§ **HOW TO COMPLETE THIS TASK**:
What is needed is an exact copy of the records below, without the pictures.

Records from a collection
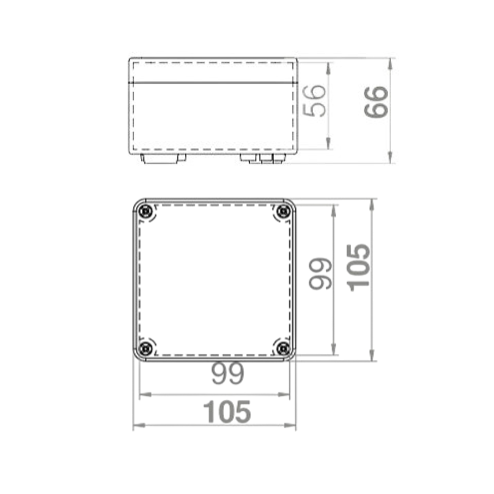 dimensions (larg.×haut.×prof.) :intérieures : 99x99x56mm extérieures : 105x105x66 mm
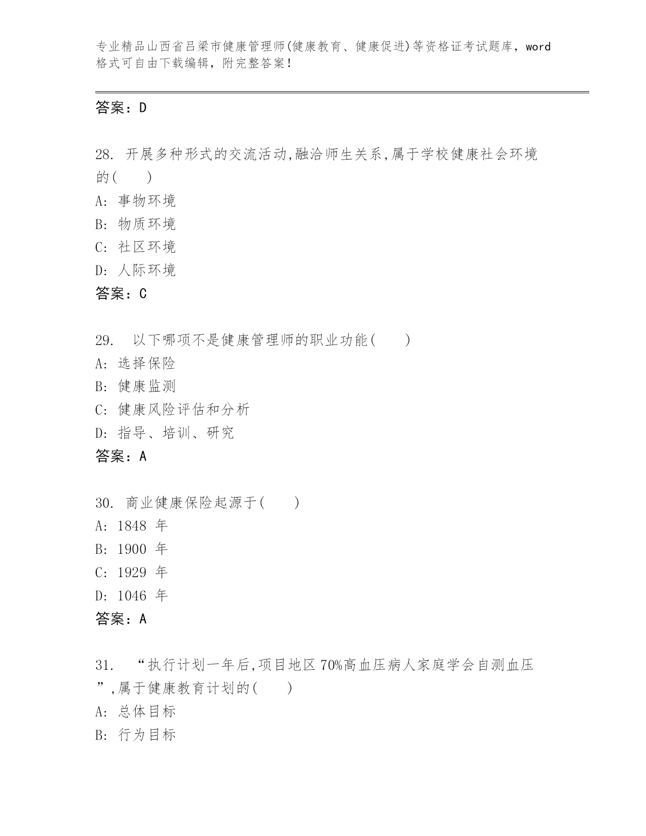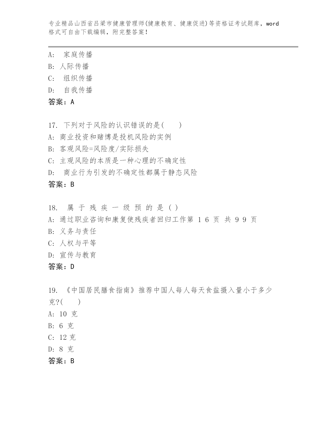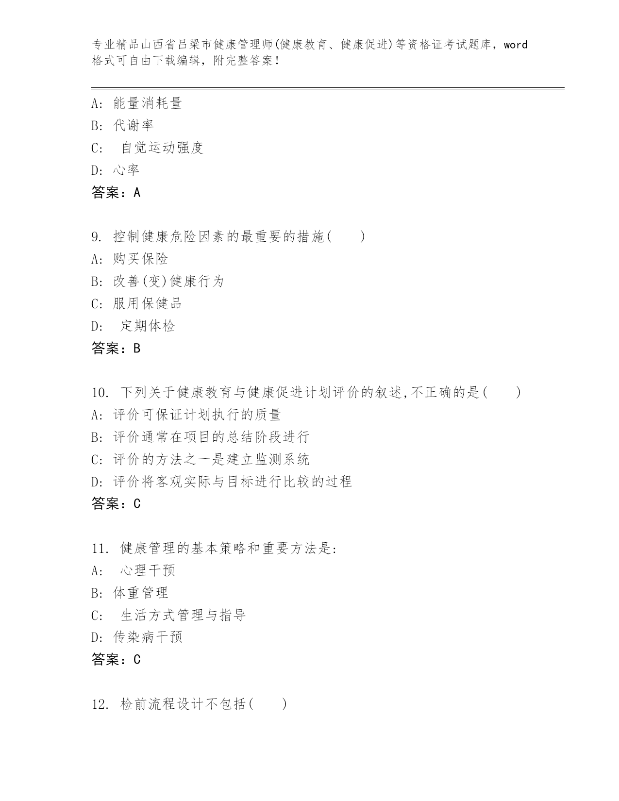 历年山西省吕梁市健康管理师(健康教育、健康促进)等资格证考试真题附答案【研优卷】
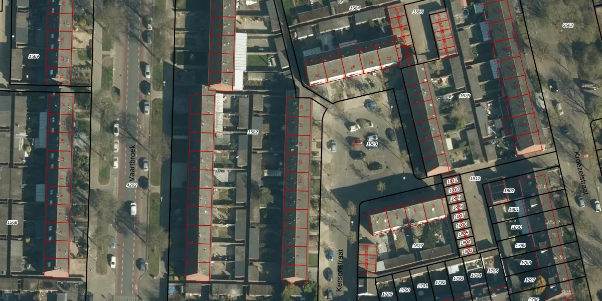 Kersenstraat 15 is gelegen op kadastraal perceel WSL01C1582. Deze kadastrale aanduiding is uniek en wordt gebruikt door het Kadaster om eigendomsrechten en andere zakelijke rechten vast te leggen. Het perceel maakt onderdeel uit van de kadastrale gemeente Woensel.
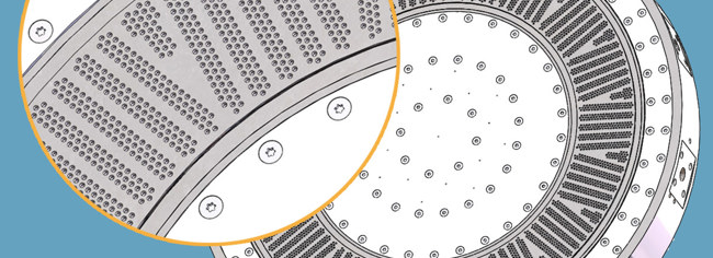 Für ihre groß dimensionierte Lochplatte setzt Coperion erstmals einen neuen, hoch abrieb- und zugleich korrosionsfesten Werkstoff ein, der die Standzeiten verdoppelt.
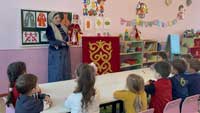 В рамках программы НРК передовым опытом по ознакомлению с культурным наследием Кабардино-Балкарии поделилась Абезехова Ж.Т. – воспитатель, практикующий обучение балкарскому языку. Участники семинара: воспитатели, практикующие обучение родному языку в ДОУ, воспитанники, старшие воспитатели, специалисты РУО.

§ **COMPLETED TASK**:
 dimensions (larg.×haut.×prof.) :intérieures : 99x99x56mm extérieures : 105x105x66 mm
 历年山西省吕梁市健康管理师(健康教育、健康促进)等资格证考试真题附答案【研优卷】
 Kersenstraat 15 is gelegen op kadastraal perceel WSL01C1582. Deze kadastrale aanduiding is uniek en wordt gebruikt door het Kadaster om eigendomsrechten en andere zakelijke rechten vast te leggen. Het perceel maakt onderdeel uit van de kadastrale gemeente Woensel.
 Für ihre groß dimensionierte Lochplatte setzt Coperion erstmals einen neuen, hoch abrieb- und zugleich korrosionsfesten Werkstoff ein, der die Standzeiten verdoppelt.
 В рамках программы НРК передовым опытом по ознакомлению с культурным наследием Кабардино-Балкарии поделилась Абезехова Ж.Т. – воспитатель, практикующий обучение балкарскому языку. Участники семинара: воспитатели, практикующие обучение родному языку в ДОУ, воспитанники, старшие воспитатели, специалисты РУО.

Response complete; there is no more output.